Questa tecnica non viene mai abbandonata nel corso di tutta la preistoria: è indispensabile per la preparazione di un blocco che poi verrà scheggiato con altre tecniche ed è l’unica che permette di ottenere schegge di grandi dimensioni.

Percussione diretta al percussore organico

Tecnica comparsa circa un milione di anni fa durante il periodo Acheuleano,  utilizzata per il façonnage e la rifinitura dei bifacciali (amigdale); tecnica che diventa poi più frequente durante il Paleolitico superiore per il débitage laminare.

Tramite un percussore organico (palco di cervidi) è possibile staccare schegge di dimensioni grandi e sottili così da semplificare il problema della precisione dell’impatto.

Il suo utilizzo, però, avviene successivamente alla preparazione sistematica del bordo lavorando tramite intensa abrasione, così da poter avere un contatto con il percussore organico (molto più tenero della pietra).

Percussione diretta alla pietra tenera

Questa tecnica viene riconosciuta per il periodo del Castelperoniano nel Paleolitico superiore.

Molto simile alla percussione diretta organica, come dimostrato dalla sperimentazione che dimostra come i prodotti presentino delle caratteristiche simili.

La tecnica si è sviluppata per la produzione di piccole lame leggere e rettilinee.

PERCUSSIONE INDIRETTA

La percussione indiretta appare durante il Mesolitico recente per il débitage laminare.

Viene chiamata indiretta poichè tra il blocco da scheggiare e il percussore vi è un utensile intermediario che riceve il colpo dal percussore. Questo utensile viene chiamato punch (scalpello) o chasse-lame  ed è rappresentato da un pezzo di materia dura animale.

Questa tecnica offre un nuovo grado di libertà per quel che riguarda il controllo dei parametri dinamici: la lunghezza e la curvatura del chasse-lame sono adattate al modulo dei prodotti ricercati.

PERCUSSIONE SU INCUDINE

Tecnica riconosciuta nel periodo Clactoniano (circa 800000 anni fa) che sfrutta un’incudine naturale come un grosso blocco di pietra inglobato nella terra. Il blocco deve essere solido perchè esso deve dare il colpo per lo stacco della scheggia.

Quindi in questa tecnica il blocco di materia prima viene battuto direttamente su un’altra pietra.

PERCUSSIONE BIPOLARE

Tecnica abbastanza antica, riconosciuta anche nel sito di Gran Dolina datato a 800000 anni fa.

Questa tecnica prevede l’utilizzo di un’incudine, sempre rappresentata da un grosso masso incastrato nella terra, ma, un altro colpo viene dato da un’altra estremità.

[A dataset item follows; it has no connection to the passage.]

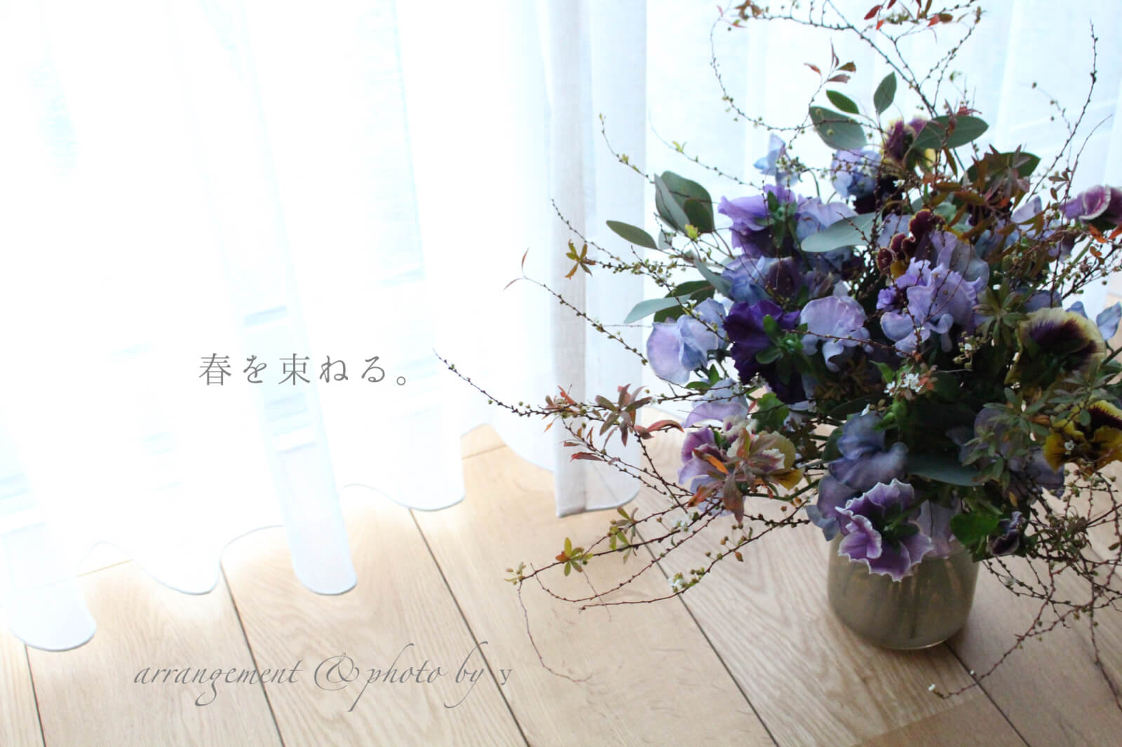 おはようございます。山本です。 もうすぐ春。 春のお花を束ねました。 パンジー染のスイートピー シャロン アッシュブルー2023雪柳ユーカリ 雪柳は紅葉して芽吹いている感じ。まだまだ空気が冷たい季節、春のお花とも合わせられて、春と冬を表現できるようにと先生が選んでくださったもの。 染めのスイートピーは無農薬の染めなのだそう。花先から花の根元にかけて、微妙な色合いの差があり素敵です。 まだまだ寒さが厳しいとき。光りの加減を調節して、スモーキーな雰囲気の写真にしてみました。 先日、春の球根寄せ植えキッドをネット注文しました。 昨年も同じものを販売していて、かわいいなと思っていたのです。また、そちらもご紹介します。 断熱リフォームのお家 施工事例 資料請求・問合せはこちら 2月のリノベ&建替えゼミ リフォーム・リノベーションで理想の暮らしを叶えてみませんか。リフォーム・リノベ施工事例はこちら >>>LIXILメンバーズコンテスト2021 新築部門 敢闘賞いただきましたLIXILメンバーズコンテスト2019 リフォーム部門 敢闘賞いただきました 2022年4月20日\ 第一建設は今年50周年を迎えました / 「新しいミライのカタチを創造しよう!」未来の社会と会社を見据え高付加価値の住まいとサービスを創造提供し持続循環するロングライフデザインのサステナブル企業としてお客様の幸せと快適な 暮らしに貢献します。コンセプトHIBIKIはこちら >>>

Infatti, con questa tecnica, il blocco di materia prima è in mezzo tra incudine e percussore, ricevendo quindi due colpi: uno è il colpo dato dal percussore, l’altro è il contraccolpo ricevuto dall’incudine.

PRESSIONE

L’utilizzo della pressione permette inoltre un lavoro molto preciso e delicato, riducendo notevolmente il rischio di fatturazione del pezzo durante la lavorazione.

Questa tecnica si sviluppa a partire dal Paleolitico superiore, e viene utilizzata sia per il débitage di piccole lamelle sia per il ritocco di alcuni utensili.

Con l’aiuto di una bacchetta in corno di cervide o in osso, eventualmente immanicata, è possibile staccare delle piccole schegge di ritocco o lamelle (in seguito attaccate su punte di propulsori alfine di infliggere alla selvaggina ferite più sanguinolente).